With Mother’s Day approaching, you, as a divorced dad, have your own feelings to unpack, regarding the holiday. Given how the divorce experience can often create tension between co-parents and how events, actions, and words can sometimes be used negatively when issues regarding child custody are called into question, your feelings are probably justified.
However, it is important to remember the children’s perspectives when deciding the best method of expressing these feelings. Regardless of how you feel about your co-parent, she still is their mother, and for them, that makes her worth celebrating.
Your mother and your children
Think about your mother for a second. You may have had a great relationship with her. You may have spent countless hours with one another, as she helped you with your homework or cooked you dinner. She may have been a provider in the house or someone who drove you to and from school or football practice.
For some, not all, this can be the case with your children. Your children may look to their mother for many of the comforts that you received from yours, and that is no fault of theirs. Child custody decisions force children to rely on the parent that receives a favorable outcome, and that should not be held against the children.

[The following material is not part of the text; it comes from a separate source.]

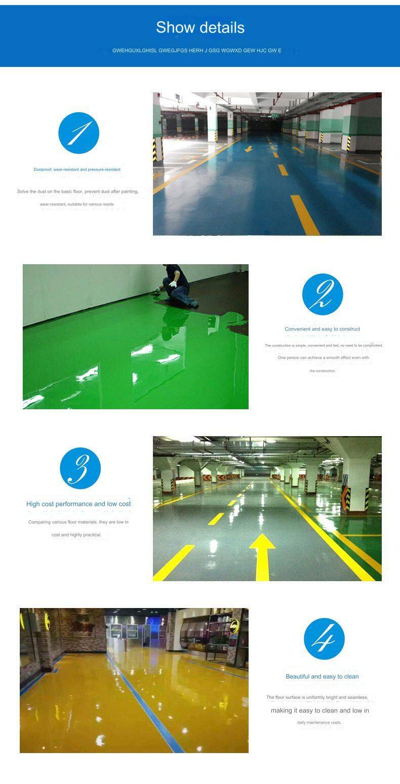 Water Based Epoxy Floor Paint for Garage Construction. Self Leveling Floor Paint is Wear-resistant and Dustproof, With Multiple Colors Available for Selection

In order to remedy this, it is important to take legal action if you wish to improve your child custody case and increase your parenting time. This means partnering with a family law attorney who understands the plight of men and fathers who may be slighted by the gender stereotypes that can exist in the family court system.
There may be rulings that have existed for years that you wish to revisit, modifying aspects of the child custody agreement and parenting plan, but just because they have existed for years, does not mean they cannot be revisited.
Benefits of shared parenting
Just like the case itself, having an emotionally volatile divorce does not mean that your co-parenting relationship cannot be revisited and repaired. Especially in situations where the child custody agreement and parenting plan are modified, it can be beneficial to have both you and your co-parent on the same page, promoting the health and well-being of your child.
Countless studies have highlighted the benefits of shared parenting, and as a father, you need to put the needs of your children first. This means setting aside all of the history and emotions involved in the breakdown of your marriage and work with your ex-spouse to be the best parents that you can be.
This includes Mother’s Day, a day designed for the appreciation of everything that a mother does in the life of their child. While you may not have such a positive outlook on your co-parent, your children may, and destroying that outlook can be a slippery slope, especially with Father’s Day just a month away.
Respect for the day
You may be forced to ask yourself “Would you want your co-parent to affect how you celebrate Father’s Day?” If the answer to that question is a resounding “No.”, then perhaps it is best to allow your children to have that day to celebrate the role that their mother plays in their lives.
Whether you know for a fact that your co-parent would attempt to mess with Father’s Day, in an effort to undermine your relationship with your children, should you not offer the same level of respect to Mother’s Day as you would hope your co-parent would show for Father’s Day?
Leading by example
By making that effort, you are putting yourself in a better position with your children and with your child custody case. You are showing the court that you can put your feelings and history aside and honor your co-parent’s place in your child’s life.
You are showing your children that regardless of the divorce and the fact that you are no longer with their mother, you still have the ability to take the high road and respect her place in their lives. You actively are teaching them life lessons, in how to deal with someone that you may not like and showing them that the emotions of a complicated situation should not guide the decision-making process.
It may be a little uncomfortable taking these steps in honoring your co-parent’s place in the lives of your children, and Mother’s Day may intensify your discomfort. However, it is not about you. It is about your children, and you have an opportunity to be the bigger person in this situation by helping your children with Mother’s Day. Take them to go get a card, a gift, or flowers. Teach them how to cook Mom’s favorite breakfast.
By helping your children in this area, you are humbling yourself and leading by example. Even if you and your co-parent do not have a civil relationship, you can show them what it means to be a selfless and loving parent.